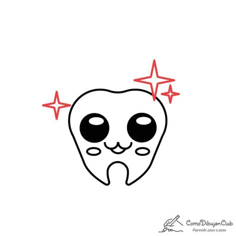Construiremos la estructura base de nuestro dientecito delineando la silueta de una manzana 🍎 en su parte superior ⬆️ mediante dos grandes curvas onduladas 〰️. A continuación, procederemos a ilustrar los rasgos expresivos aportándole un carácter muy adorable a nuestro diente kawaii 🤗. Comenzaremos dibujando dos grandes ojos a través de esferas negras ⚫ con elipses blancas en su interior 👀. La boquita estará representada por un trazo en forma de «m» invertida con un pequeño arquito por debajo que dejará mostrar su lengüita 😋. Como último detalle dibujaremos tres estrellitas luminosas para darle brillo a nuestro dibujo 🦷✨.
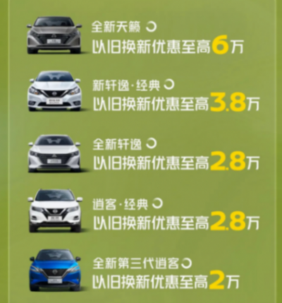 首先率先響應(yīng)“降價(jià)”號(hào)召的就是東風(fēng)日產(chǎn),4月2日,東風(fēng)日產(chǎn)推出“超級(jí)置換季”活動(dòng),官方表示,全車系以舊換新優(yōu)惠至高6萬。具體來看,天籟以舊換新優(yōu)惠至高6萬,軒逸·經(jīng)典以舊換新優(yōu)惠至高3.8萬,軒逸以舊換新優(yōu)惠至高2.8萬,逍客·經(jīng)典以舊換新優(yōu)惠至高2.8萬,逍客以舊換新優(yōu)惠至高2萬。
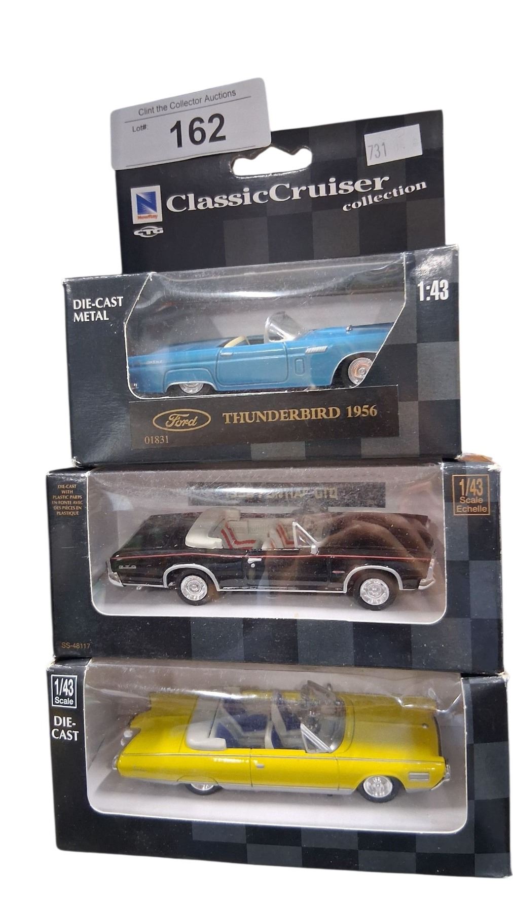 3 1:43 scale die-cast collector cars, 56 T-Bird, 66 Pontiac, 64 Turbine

---

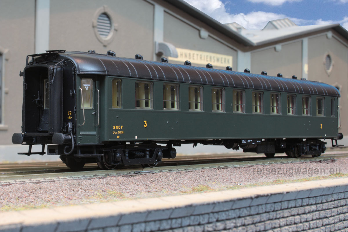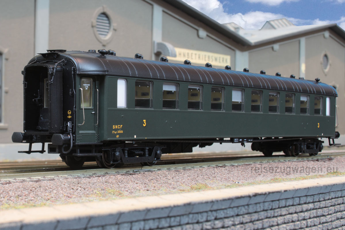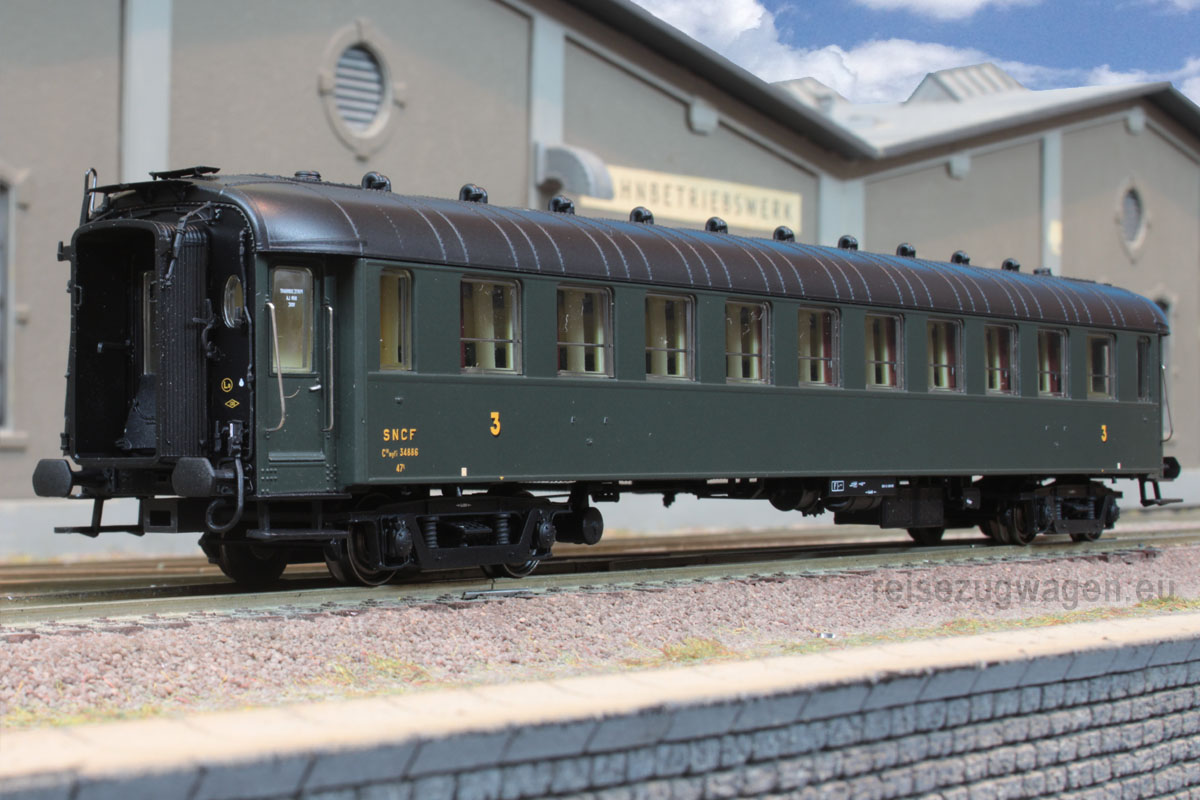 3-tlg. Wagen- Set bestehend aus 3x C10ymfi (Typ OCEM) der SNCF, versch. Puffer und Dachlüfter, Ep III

...

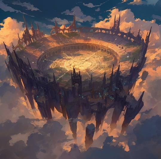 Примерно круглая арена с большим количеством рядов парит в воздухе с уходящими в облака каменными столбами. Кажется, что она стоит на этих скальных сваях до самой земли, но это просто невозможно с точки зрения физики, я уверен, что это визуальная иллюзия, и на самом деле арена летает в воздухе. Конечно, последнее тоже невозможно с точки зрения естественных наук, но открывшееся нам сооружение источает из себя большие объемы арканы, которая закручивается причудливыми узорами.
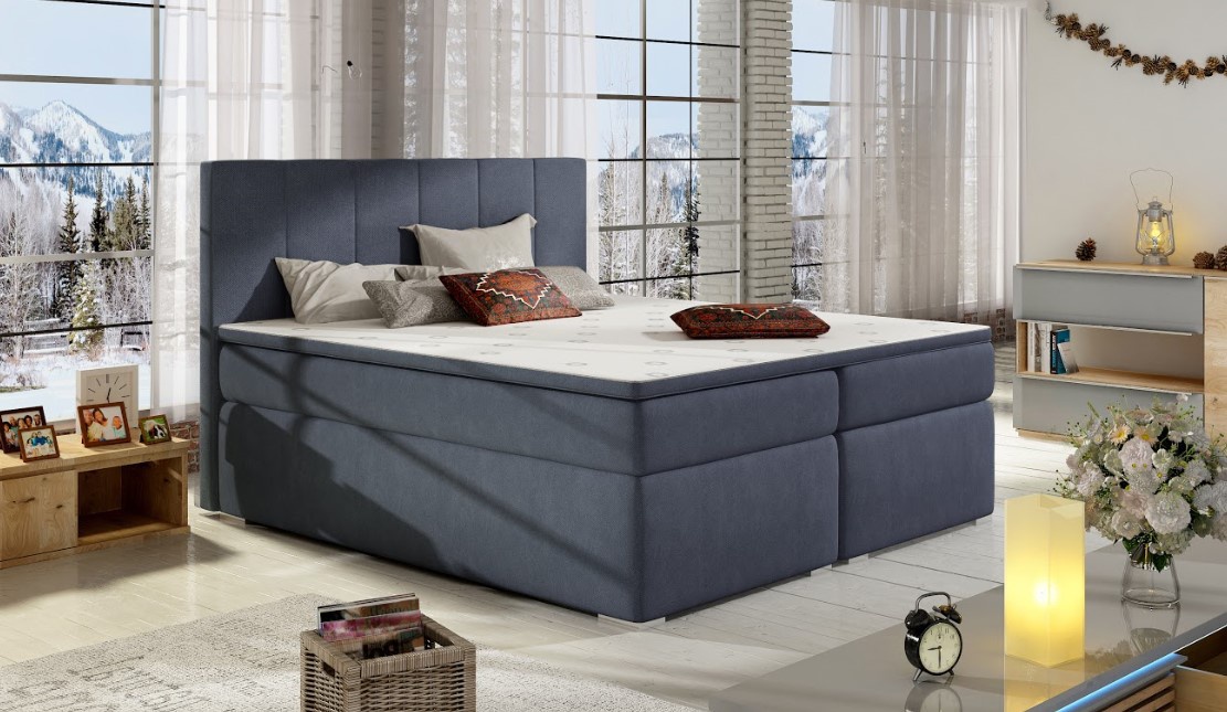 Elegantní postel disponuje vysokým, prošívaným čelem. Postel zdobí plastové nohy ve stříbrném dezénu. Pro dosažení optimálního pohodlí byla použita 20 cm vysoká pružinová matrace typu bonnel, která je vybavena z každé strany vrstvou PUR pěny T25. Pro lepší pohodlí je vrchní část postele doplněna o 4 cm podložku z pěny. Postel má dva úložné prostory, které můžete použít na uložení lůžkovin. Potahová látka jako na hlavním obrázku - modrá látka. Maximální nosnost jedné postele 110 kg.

Exercise requirements: Starting at the line above that has "Примерно круглая арена" and ending at the line that has "Elegantní postel disponuje", copy each line exactly, leaving the pictures out and adding nothing.

Exercise response:
 Примерно круглая арена с большим количеством рядов парит в воздухе с уходящими в облака каменными столбами. Кажется, что она стоит на этих скальных сваях до самой земли, но это просто невозможно с точки зрения физики, я уверен, что это визуальная иллюзия, и на самом деле арена летает в воздухе. Конечно, последнее тоже невозможно с точки зрения естественных наук, но открывшееся нам сооружение источает из себя большие объемы арканы, которая закручивается причудливыми узорами.
 Elegantní postel disponuje vysokým, prošívaným čelem. Postel zdobí plastové nohy ve stříbrném dezénu. Pro dosažení optimálního pohodlí byla použita 20 cm vysoká pružinová matrace typu bonnel, která je vybavena z každé strany vrstvou PUR pěny T25. Pro lepší pohodlí je vrchní část postele doplněna o 4 cm podložku z pěny. Postel má dva úložné prostory, které můžete použít na uložení lůžkovin. Potahová látka jako na hlavním obrázku - modrá látka. Maximální nosnost jedné postele 110 kg.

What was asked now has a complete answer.